The federal government is studying the K-Electric (KE) privatisation model while considering different options for putting other power distribution companies (DISCOs) on sale.

A committee, constituted by the prime minister, held extensive deliberations at a recent meeting to determine the most suitable model for the power sector, particularly privatisation and concession models. The discussion was aimed at addressing the critical issues and finding the best way forward.

According to sources, the committee acknowledged the pressing need to explore various models for private sector participation and privatisation. The power sector outlook demands a thorough assessment of different approaches to ensure the sustainable and efficient distribution of electricity.

Committee members reached a consensus on conducting studies on multiple models to have a comprehensive understanding of their implications.

One of the pivotal aspects was the analysis of the KE model. The committee agreed on a thorough overview of KE’s success including the examination of reports prepared by research institutions and donor agencies, which could provide valuable insights.

Additional secretary of the Power Division highlighted the reduction in electricity theft post-privatisation of KE, which was appreciated.

Committee chairman expressed the desire to review the existing studies on the success of KE model as well as examine the studies on privatisation conducted by donor agencies.
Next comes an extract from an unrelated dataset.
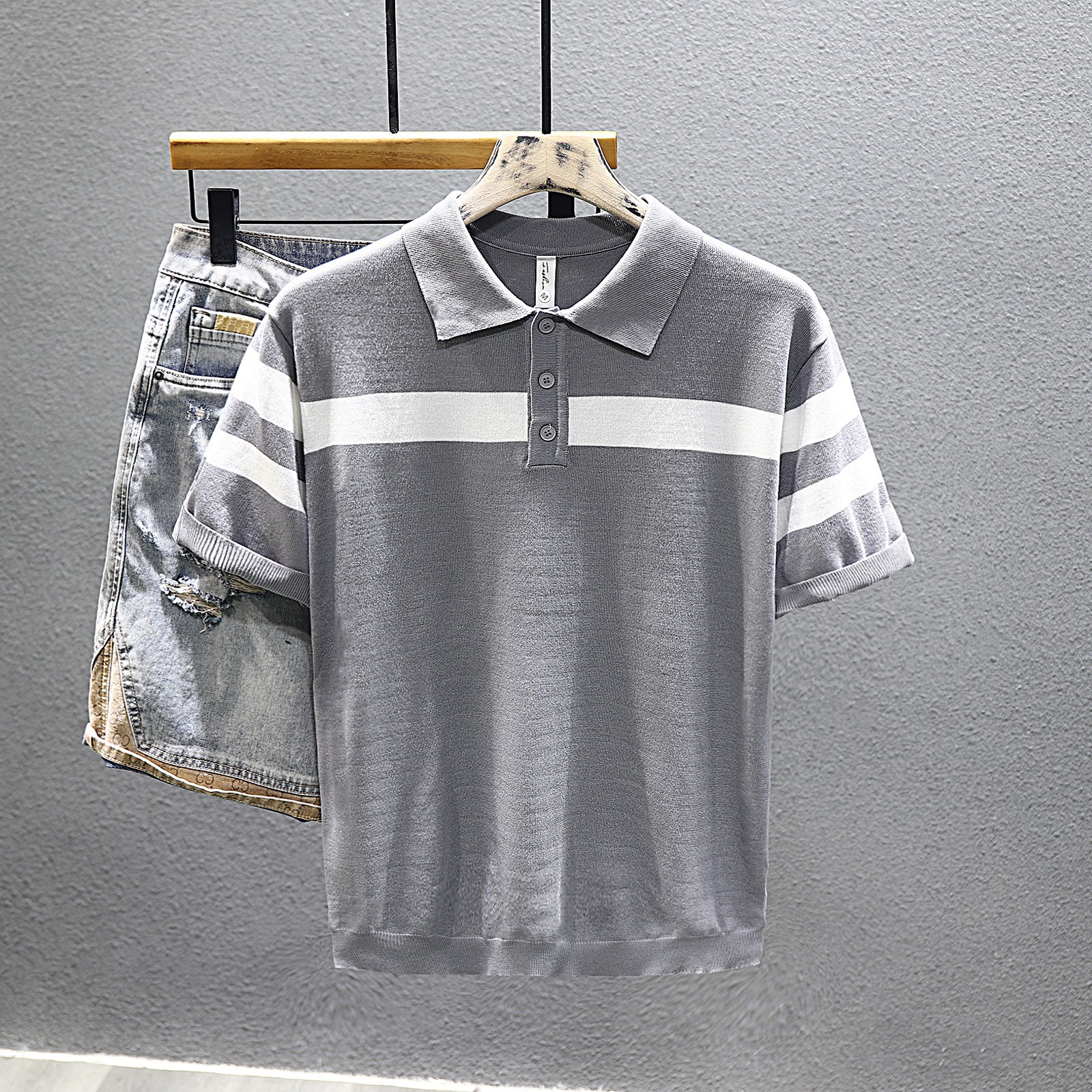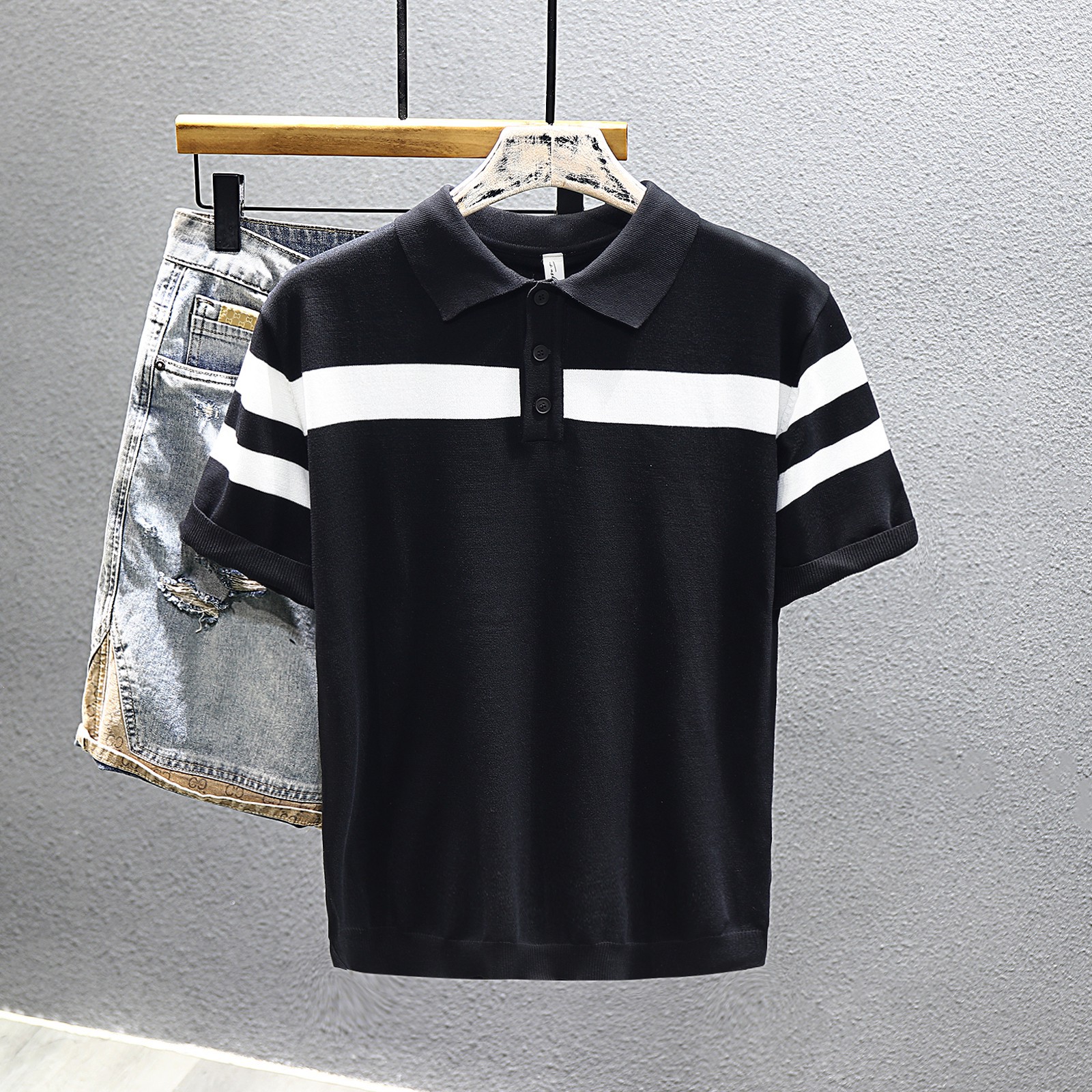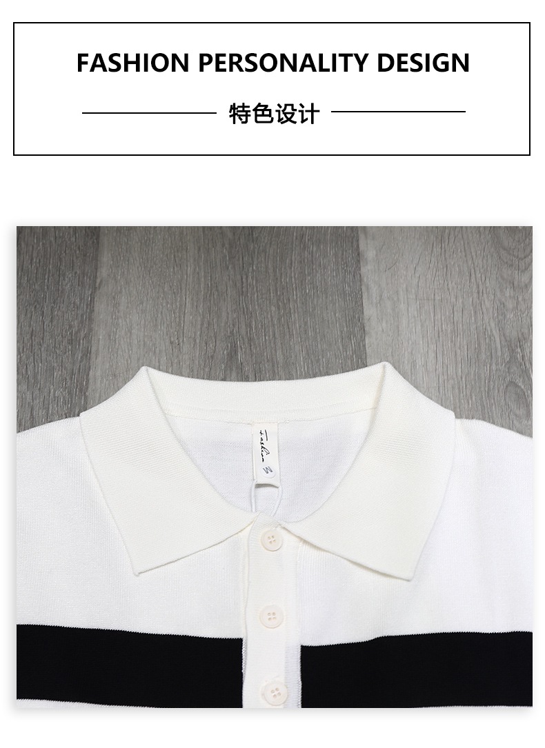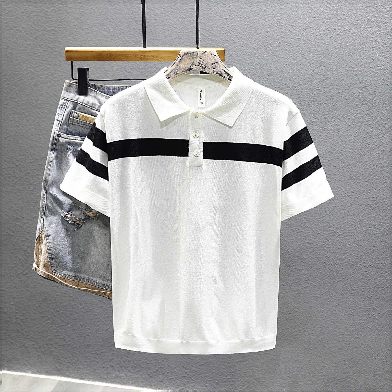 2025 새로운 여름 스타일 화이트 니트 반팔 탑 트렌디 브랜드 남성 대비 스트라이프 반팔 캐주얼 다용도 탑스토어 가기

These studies, such as those conducted by the World Bank, could help in drawing comparisons with global standards and practices.

While discussing the broader financial implications, the committee was briefed on the federal government subsidies provided to KE as compared to other DISCOs.

Those subsidies were provided to KE consumers owing to the uniform tariff policy and the high fuel cost for power generation. KE uses expensive re-gasified liquefied natural gas (RLNG) instead of indigenous gas.

The World Bank has recently released its Pakistan Federal Public Expenditure Review, which describes KE as a successful privatisation model and makes recommendations for efficient fiscal management by the government.

In the report, the World Bank outlined the significant improvement in KE’s performance since privatisation. The bank was of the view that the company’s privatisation saved around Rs900 billion for consumers and the government, driven by substantial investments, workforce optimisation and operational efficiencies.

The report pointed out that KE invested around $4.4 billion across its value chain, resulting in improved operational efficiency. Consequently, aggregate technical and commercial (AT&C) losses came down from 43% in 2009 to 21% in 2023 while transmission and distribution (T&D) losses decreased from 35% to 15.3% in the same time period. The bank emphasised that KE had been prioritising digitisation and customer centricity, leading to a transparent billing system, improved customer service and digital connectivity for over 1 million of its 3.5 million customers.

This endorsement by a reputable international organisation adds further credibility to the KE model for future privatisation efforts.

As Pakistan moves towards the Competitive Trading Bilateral Contract Market (CTBCM), there are several key lessons to learn from countries like Turkiye and the Philippines, which have fully deregulated their power markets.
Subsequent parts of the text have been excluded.